These brute force solutions are getting a bit worrying, but here is another one. (I keep promising myself to get out of my comfort zone, but (unfortunately!) code like this is too easy to write).

Statutory Warning: Spoilers ahead


;; For all 0-9 pandigital numbers, find the ones which have successive

;; substrings of length 3 diisible by 2,3,...,17.



(defparameter *prime-divisors* #(17 13 11 7 5 3 2))



;; A number is 0-9 pandigital if it (a) is 10 digits long, and (b) has every digit from 0-9

(defun is-pandigital (num)

  (declare (type fixnum num))

  (let ((digits-seen (make-array 10 :element-type 'bit :initial-element 0)))

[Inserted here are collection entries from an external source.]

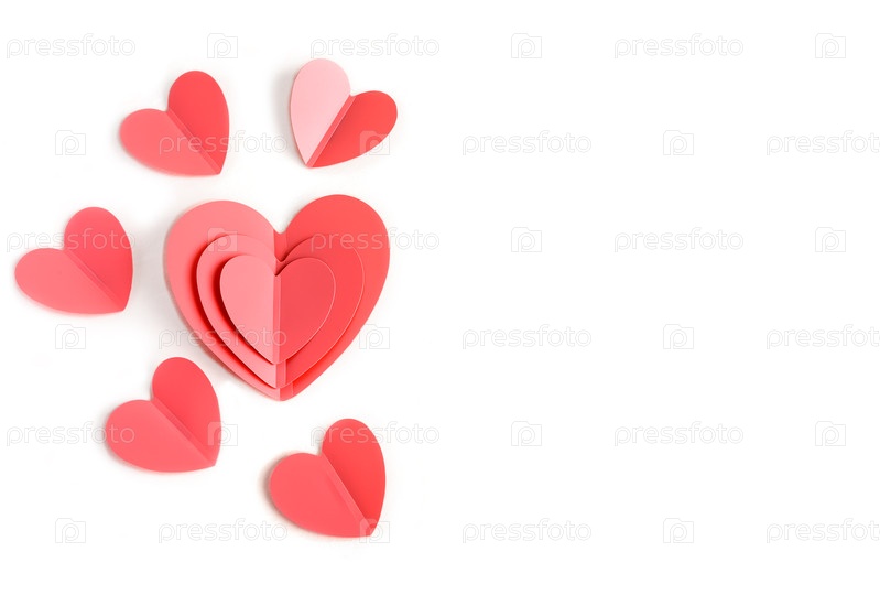 Фон ко Дню святого Валентина. Розовые сердечки и цветы на светлом фоне. Плоский макет и место для копирования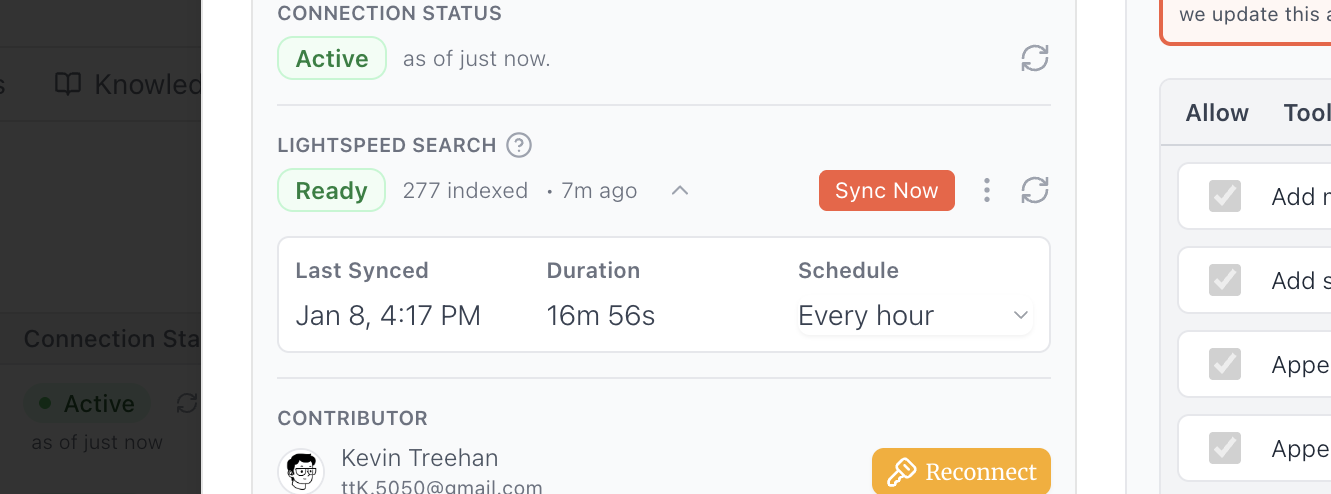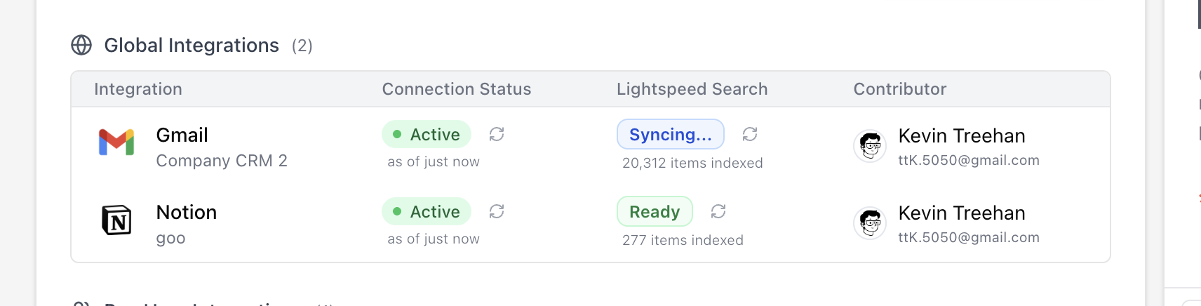 Workspace members can view all integrations and their connection status and Lightspeed Search status (if applicable) at-a-glance in workspace settings. Adjustments to tool permissions and other settings can be made by clicking on the integration. You can delete an integration at any time — this will revoke access and remove it from the workspace. If you need to reconnect an integration (for example, if credentials expired), click on the integration and press reconnect.
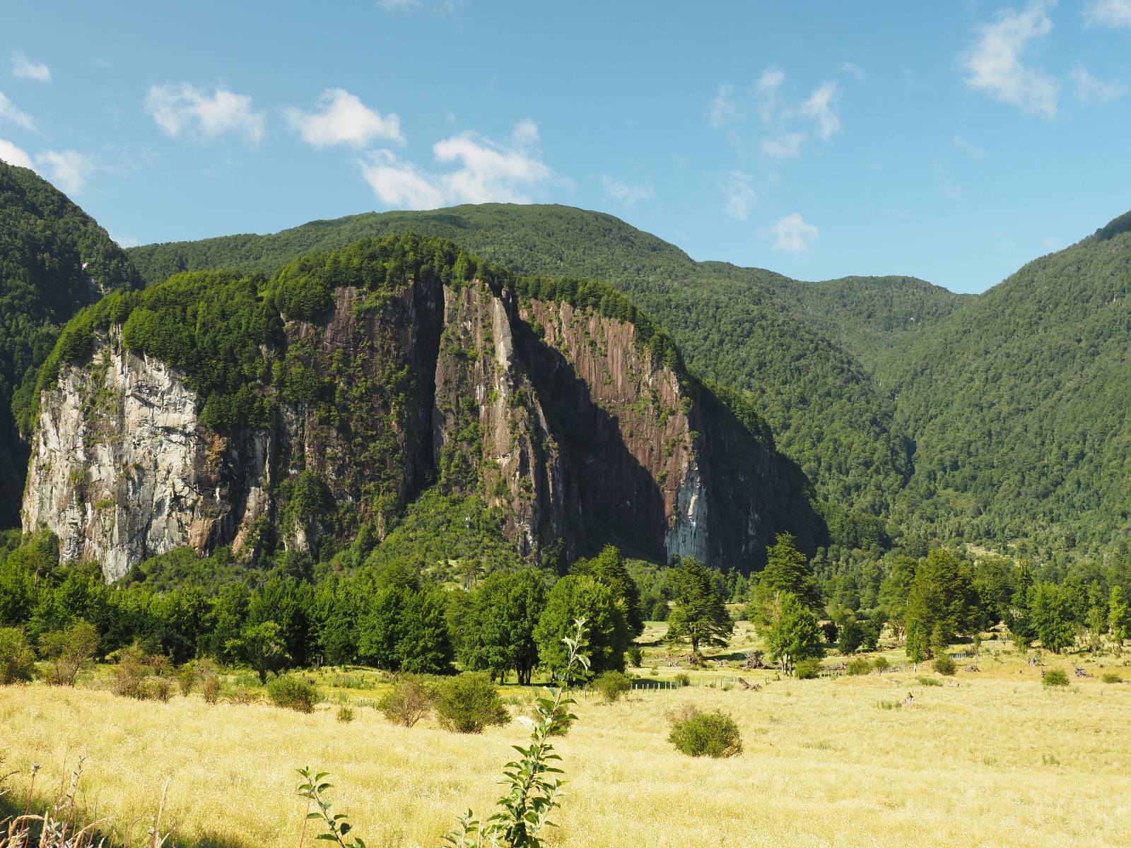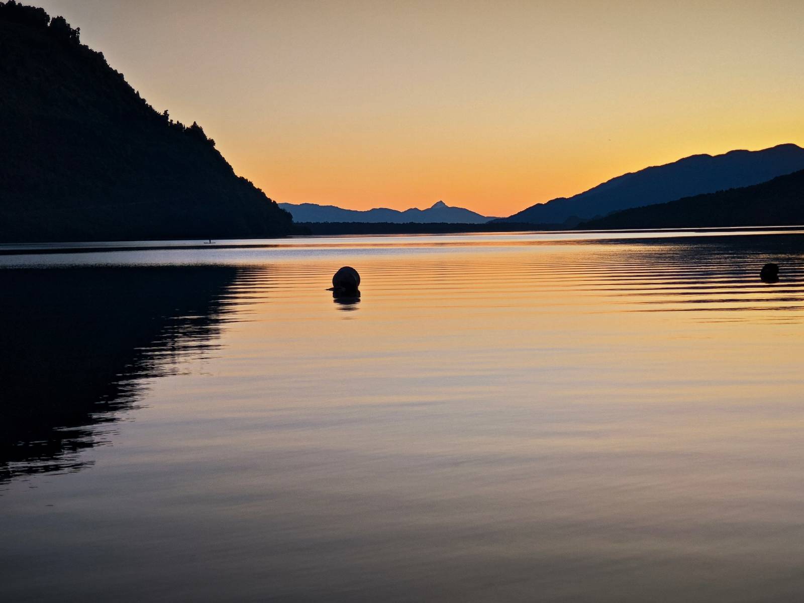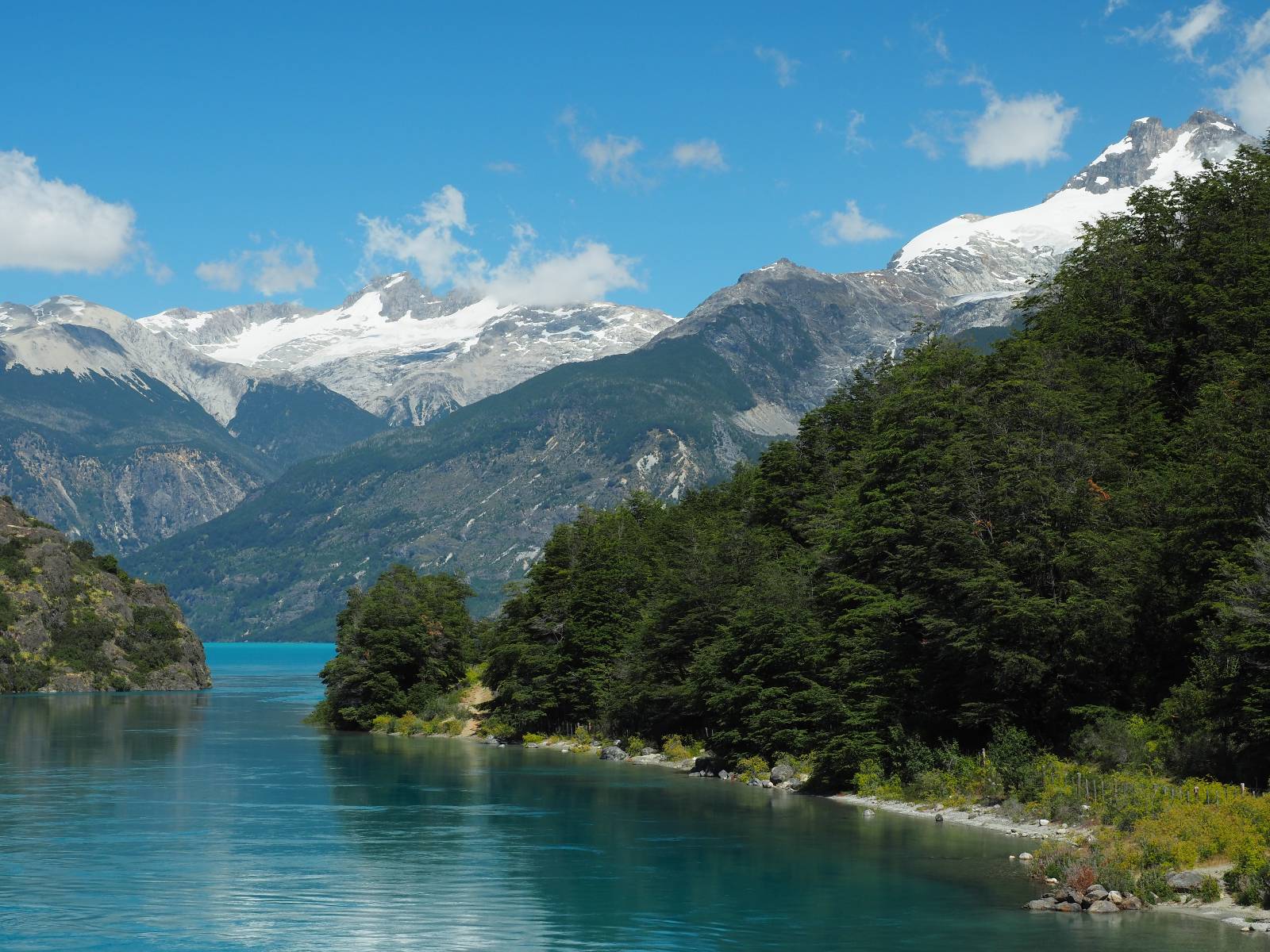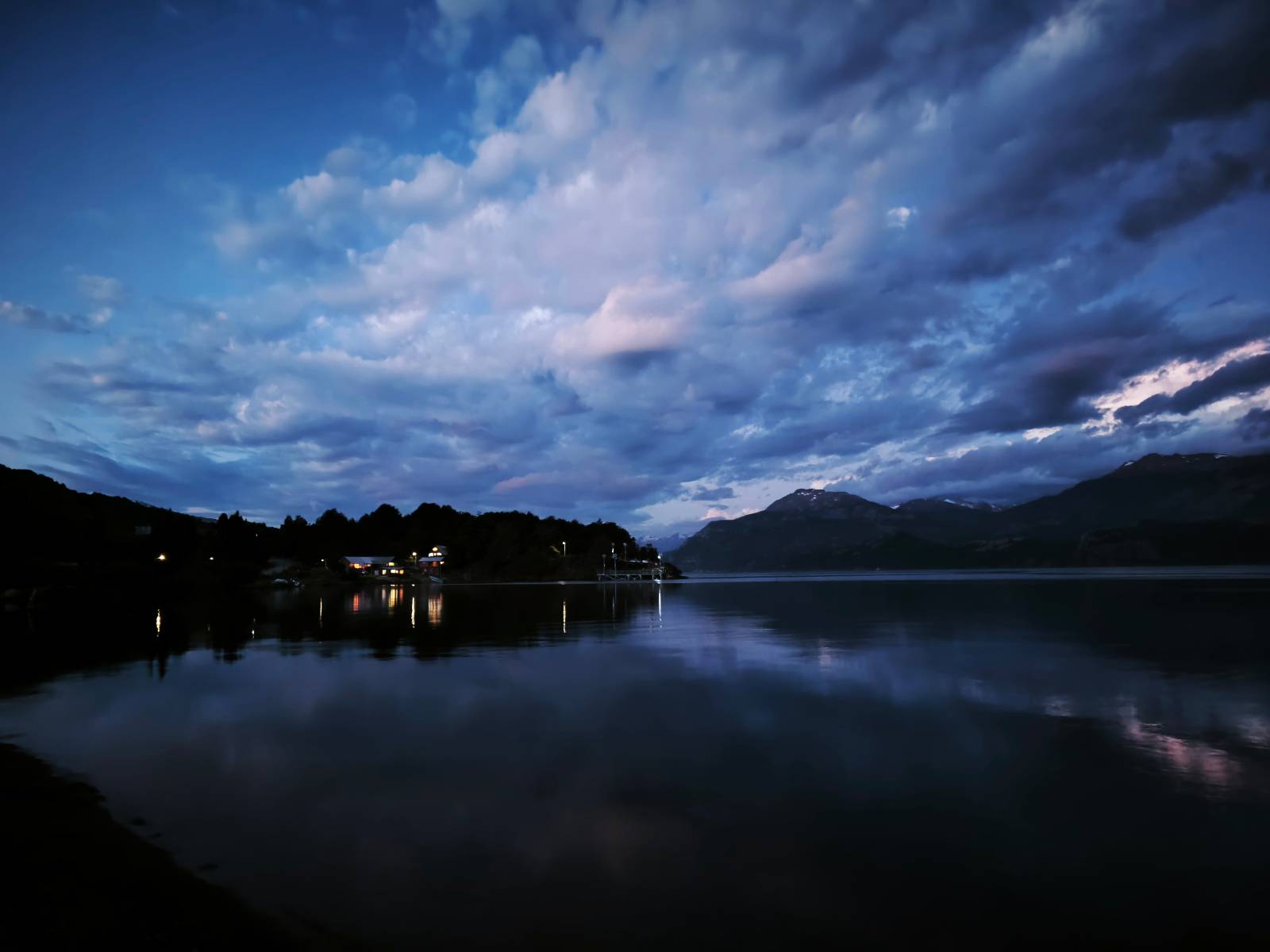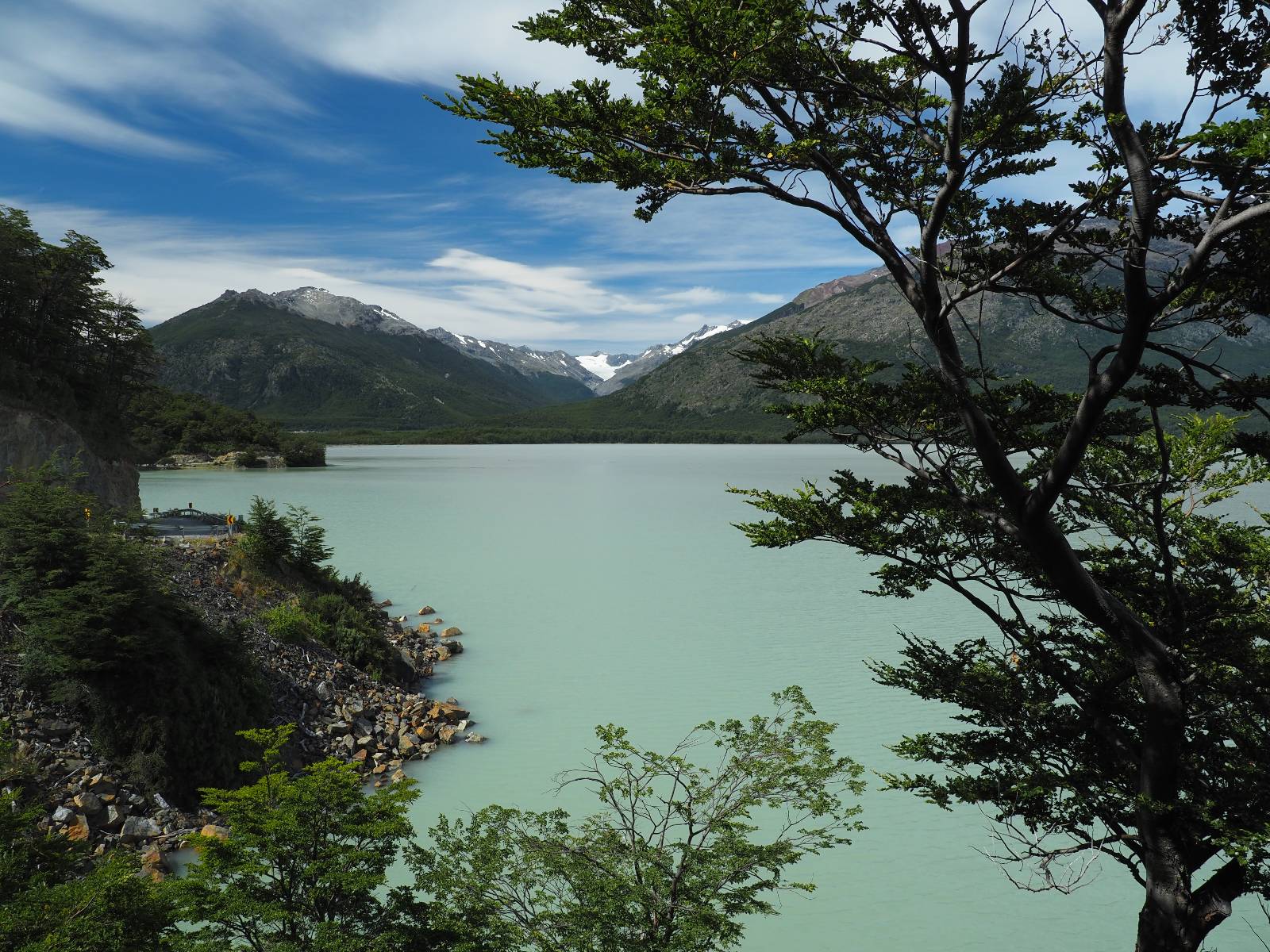 Der nächste Tag beginnt wesentlich schöner und es scheint sogar warm zu werden. Die Sachen sind doch soweit trocken geworden und den Rest müssen Sonne und Fahrtwind erledigen. So genieße ich einfach meine Fahrt und die blauen Stellen am Himmel, durch die immer mehr die Sonne scheint! Es lässt sich wunderbar cruisen, hier und da mache ich ein paar Bilder, halte auf einen Hamburger und Kaffee an. Ich fahre durch bis Puyuhuapi, einem kleinen Dorf am Ende eines Fjordes, das 1935 von ein paar Deutschen gegründet wurde. Es sieht etwas touristisch aus, lebt zumindest nur davon, so scheint es. Den alten Friedhof mit den deutschen Gräbern besuche ich nicht, trozdem ich mir hier zwei nächte gönne. Der eine Tag geht mal wieder für die Homepage und Film schneiden drauf, wobei ich in meinem Hostal einen kleinen Aufenhaltsraum habe, mit wunderbarem Blick auf das Wasser! Am letzten Abend esse ich Outdoor an einem Hamburgerwagen und unterhalte ich mich mit einem Reisepaar, das allerding nur ein paar Wochen unterwegs ist. Ich genieße den Blick auf das Wasser, ein Standup-Paddler zieht gemütlich seine Runde und irgend etwas anderes als Fisch schwimmt entfernt auch herum, allerdings kann ich es nicht erkennen.

    (do* ((n num (floor (/ n 10)))

          (d (mod n 10) (mod n 10))

          (num-digits 0 (1+ num-digits)))

         ((= n 0) (and (= num-digits 10)

                       (every (lambda (x) (= x 1)) digits-seen)))

      (setf (bit digits-seen d) 1))))



(defun check-divisibility (num div-index)

  (= 0 (mod num (aref *prime-divisors* div-index))))



(defun get-three-digit-num (num)

  (let ((ones (mod num 10))

        (tens (mod (floor (/ num 10)) 10))

        (hundreds (mod (floor (/ num 100)) 10)))

    (+ ones

       (* 10 tens)

       (* 100 hundreds))))



;; Go backwards in groups of three digits and check divisibility

(defun has-divisible-substrings (num)

  (do* ((n num (floor (/ n 10)))

        (div-index 0 (1+ div-index))

        (dividend (get-three-digit-num n) (get-three-digit-num n))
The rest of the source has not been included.